To do: When the line containing "短线上1183.25低点确认" appears in the entries below, begin printing there and stop after the line containing "2人掛け 右アームカウチ 左アーム"; print each of those lines exactly and no other line.

====== Record extracts ======

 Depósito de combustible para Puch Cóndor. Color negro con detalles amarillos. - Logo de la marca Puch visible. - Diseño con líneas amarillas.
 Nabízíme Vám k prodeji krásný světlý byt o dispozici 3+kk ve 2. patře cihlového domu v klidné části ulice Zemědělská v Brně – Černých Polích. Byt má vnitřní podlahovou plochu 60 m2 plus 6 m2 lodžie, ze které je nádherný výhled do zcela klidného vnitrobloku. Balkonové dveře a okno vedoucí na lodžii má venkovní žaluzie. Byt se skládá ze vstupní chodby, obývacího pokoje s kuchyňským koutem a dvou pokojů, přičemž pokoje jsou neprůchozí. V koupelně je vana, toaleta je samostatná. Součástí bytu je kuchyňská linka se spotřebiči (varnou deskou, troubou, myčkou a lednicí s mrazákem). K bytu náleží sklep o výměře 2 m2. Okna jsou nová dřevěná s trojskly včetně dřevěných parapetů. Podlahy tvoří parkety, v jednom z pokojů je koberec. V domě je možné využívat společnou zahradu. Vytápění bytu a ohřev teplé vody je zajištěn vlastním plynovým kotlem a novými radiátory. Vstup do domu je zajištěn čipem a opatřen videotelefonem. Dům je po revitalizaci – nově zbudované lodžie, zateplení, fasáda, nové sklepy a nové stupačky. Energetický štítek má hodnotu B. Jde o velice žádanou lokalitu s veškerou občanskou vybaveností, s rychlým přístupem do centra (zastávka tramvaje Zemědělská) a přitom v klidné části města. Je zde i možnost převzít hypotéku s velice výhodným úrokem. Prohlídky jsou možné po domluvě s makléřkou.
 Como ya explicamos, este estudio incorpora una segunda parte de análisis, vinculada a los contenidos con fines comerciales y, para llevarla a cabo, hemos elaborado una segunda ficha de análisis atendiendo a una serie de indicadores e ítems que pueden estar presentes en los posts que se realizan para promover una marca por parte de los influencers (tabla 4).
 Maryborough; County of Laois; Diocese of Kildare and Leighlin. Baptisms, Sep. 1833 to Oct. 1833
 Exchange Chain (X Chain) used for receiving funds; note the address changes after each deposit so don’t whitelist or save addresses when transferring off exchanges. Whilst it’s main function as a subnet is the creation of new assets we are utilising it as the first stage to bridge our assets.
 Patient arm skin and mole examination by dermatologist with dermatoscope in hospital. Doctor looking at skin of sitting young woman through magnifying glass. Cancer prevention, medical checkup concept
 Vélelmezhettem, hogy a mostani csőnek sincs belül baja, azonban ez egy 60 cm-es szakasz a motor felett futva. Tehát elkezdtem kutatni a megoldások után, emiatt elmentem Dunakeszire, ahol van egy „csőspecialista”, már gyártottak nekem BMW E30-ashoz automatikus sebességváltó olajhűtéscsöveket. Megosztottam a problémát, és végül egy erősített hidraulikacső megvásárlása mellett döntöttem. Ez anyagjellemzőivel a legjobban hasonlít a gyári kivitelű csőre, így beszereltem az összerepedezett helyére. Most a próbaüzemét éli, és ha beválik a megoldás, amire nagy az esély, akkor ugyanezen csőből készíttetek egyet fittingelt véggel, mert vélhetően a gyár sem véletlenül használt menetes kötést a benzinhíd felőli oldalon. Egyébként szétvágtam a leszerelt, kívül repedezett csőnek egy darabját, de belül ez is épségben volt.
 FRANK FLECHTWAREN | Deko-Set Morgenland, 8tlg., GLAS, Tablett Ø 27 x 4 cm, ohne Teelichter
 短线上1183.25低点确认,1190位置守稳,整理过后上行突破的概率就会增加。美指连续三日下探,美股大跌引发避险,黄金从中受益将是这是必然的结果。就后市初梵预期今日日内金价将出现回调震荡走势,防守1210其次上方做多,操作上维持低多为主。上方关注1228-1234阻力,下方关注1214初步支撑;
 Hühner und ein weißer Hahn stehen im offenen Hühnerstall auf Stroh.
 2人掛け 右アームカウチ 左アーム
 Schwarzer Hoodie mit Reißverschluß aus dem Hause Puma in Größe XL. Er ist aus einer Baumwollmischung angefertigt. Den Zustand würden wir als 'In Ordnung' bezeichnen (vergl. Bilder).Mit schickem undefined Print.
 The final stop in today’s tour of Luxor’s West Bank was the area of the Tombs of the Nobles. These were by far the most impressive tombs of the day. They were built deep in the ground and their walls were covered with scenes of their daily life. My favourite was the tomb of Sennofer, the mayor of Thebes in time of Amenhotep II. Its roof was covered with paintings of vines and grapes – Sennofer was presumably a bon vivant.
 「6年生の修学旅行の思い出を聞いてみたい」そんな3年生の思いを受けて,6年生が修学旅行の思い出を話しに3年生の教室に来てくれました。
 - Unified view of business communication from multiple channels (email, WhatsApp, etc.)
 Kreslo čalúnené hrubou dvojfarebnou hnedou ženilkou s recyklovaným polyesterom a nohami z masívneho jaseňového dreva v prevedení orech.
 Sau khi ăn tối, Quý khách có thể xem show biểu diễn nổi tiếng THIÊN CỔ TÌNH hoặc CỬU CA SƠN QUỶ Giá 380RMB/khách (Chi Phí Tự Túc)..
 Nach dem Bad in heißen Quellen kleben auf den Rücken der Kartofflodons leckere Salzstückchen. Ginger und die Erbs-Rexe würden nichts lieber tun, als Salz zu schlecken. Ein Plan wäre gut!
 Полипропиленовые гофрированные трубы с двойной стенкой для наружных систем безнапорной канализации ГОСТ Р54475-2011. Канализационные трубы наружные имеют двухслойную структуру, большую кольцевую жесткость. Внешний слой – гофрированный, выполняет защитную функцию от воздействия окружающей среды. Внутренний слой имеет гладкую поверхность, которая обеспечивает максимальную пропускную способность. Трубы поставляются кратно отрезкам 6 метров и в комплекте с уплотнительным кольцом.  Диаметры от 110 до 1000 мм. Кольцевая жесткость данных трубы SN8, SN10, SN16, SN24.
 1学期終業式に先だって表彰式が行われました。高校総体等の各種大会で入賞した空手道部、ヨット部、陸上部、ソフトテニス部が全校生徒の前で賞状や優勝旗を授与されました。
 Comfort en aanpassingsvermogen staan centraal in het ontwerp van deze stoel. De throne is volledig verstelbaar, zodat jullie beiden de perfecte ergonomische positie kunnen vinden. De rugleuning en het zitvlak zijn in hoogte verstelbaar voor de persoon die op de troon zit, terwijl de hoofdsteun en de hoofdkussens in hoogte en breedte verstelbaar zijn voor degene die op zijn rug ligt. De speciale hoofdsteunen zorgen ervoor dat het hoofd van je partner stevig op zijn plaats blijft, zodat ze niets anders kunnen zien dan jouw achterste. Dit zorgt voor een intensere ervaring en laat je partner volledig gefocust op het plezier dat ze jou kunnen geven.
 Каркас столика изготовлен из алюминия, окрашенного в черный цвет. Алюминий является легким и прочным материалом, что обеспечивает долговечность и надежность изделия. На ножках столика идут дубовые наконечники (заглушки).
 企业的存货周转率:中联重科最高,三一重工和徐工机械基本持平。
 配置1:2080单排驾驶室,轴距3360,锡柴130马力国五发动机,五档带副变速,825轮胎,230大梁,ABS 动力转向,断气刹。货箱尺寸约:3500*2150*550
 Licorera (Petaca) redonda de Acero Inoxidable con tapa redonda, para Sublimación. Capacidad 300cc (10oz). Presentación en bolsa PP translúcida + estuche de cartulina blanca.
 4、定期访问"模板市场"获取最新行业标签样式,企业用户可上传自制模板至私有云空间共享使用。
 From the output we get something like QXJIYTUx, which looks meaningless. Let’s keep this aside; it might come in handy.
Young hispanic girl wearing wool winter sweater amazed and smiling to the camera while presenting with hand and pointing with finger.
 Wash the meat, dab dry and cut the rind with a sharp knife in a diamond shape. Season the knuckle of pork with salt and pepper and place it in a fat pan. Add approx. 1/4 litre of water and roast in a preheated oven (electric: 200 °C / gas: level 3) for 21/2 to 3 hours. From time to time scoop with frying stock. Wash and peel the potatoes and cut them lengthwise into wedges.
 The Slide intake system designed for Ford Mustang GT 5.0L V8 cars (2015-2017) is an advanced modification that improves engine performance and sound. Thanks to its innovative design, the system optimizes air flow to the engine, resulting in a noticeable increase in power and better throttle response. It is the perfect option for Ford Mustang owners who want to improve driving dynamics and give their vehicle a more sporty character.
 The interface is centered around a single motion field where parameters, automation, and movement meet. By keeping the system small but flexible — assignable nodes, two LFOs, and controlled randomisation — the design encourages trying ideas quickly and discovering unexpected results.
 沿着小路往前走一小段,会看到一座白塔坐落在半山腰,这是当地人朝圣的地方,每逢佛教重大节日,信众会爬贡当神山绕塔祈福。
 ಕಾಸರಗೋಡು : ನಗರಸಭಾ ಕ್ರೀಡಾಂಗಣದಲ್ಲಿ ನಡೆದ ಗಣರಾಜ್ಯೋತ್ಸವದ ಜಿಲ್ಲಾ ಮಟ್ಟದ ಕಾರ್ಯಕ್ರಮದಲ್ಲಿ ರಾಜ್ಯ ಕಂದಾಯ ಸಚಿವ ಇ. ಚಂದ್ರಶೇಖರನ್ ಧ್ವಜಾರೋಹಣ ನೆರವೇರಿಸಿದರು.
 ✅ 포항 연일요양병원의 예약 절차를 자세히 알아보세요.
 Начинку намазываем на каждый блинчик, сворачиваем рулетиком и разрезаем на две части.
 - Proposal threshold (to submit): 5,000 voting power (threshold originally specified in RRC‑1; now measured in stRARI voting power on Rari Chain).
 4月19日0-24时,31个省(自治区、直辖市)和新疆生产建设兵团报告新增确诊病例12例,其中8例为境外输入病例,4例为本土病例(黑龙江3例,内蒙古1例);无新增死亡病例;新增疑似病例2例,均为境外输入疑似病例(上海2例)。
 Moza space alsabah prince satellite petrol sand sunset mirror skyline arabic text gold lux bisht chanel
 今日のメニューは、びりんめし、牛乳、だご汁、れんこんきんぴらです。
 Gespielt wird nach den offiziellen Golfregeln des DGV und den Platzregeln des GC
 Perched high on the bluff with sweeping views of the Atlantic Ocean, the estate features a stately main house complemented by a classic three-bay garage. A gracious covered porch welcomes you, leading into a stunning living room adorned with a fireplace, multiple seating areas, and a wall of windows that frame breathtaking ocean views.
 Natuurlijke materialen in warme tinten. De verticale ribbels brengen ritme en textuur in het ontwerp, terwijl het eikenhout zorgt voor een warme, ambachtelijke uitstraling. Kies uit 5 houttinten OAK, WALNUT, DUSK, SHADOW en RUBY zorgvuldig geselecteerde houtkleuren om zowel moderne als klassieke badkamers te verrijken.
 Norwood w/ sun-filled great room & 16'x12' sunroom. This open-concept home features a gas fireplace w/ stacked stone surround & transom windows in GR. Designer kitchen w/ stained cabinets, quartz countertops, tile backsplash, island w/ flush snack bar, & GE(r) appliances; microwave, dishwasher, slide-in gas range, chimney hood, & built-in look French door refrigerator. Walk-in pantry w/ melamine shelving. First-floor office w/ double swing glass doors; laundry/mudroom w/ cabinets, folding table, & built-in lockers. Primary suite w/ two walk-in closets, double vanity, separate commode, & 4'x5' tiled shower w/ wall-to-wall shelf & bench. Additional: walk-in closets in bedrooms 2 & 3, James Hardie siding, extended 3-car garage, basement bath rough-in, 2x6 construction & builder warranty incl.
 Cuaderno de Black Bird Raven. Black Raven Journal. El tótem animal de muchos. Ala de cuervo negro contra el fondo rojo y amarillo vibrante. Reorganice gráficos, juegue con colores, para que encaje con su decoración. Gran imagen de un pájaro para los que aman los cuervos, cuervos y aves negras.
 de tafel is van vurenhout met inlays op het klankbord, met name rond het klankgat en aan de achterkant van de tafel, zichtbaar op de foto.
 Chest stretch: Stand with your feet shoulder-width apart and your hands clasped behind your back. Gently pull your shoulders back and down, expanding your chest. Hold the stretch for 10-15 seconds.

======

Written solution:
 短线上1183.25低点确认,1190位置守稳,整理过后上行突破的概率就会增加。美指连续三日下探,美股大跌引发避险,黄金从中受益将是这是必然的结果。就后市初梵预期今日日内金价将出现回调震荡走势,防守1210其次上方做多,操作上维持低多为主。上方关注1228-1234阻力,下方关注1214初步支撑;
 Hühner und ein weißer Hahn stehen im offenen Hühnerstall auf Stroh.
 2人掛け 右アームカウチ 左アーム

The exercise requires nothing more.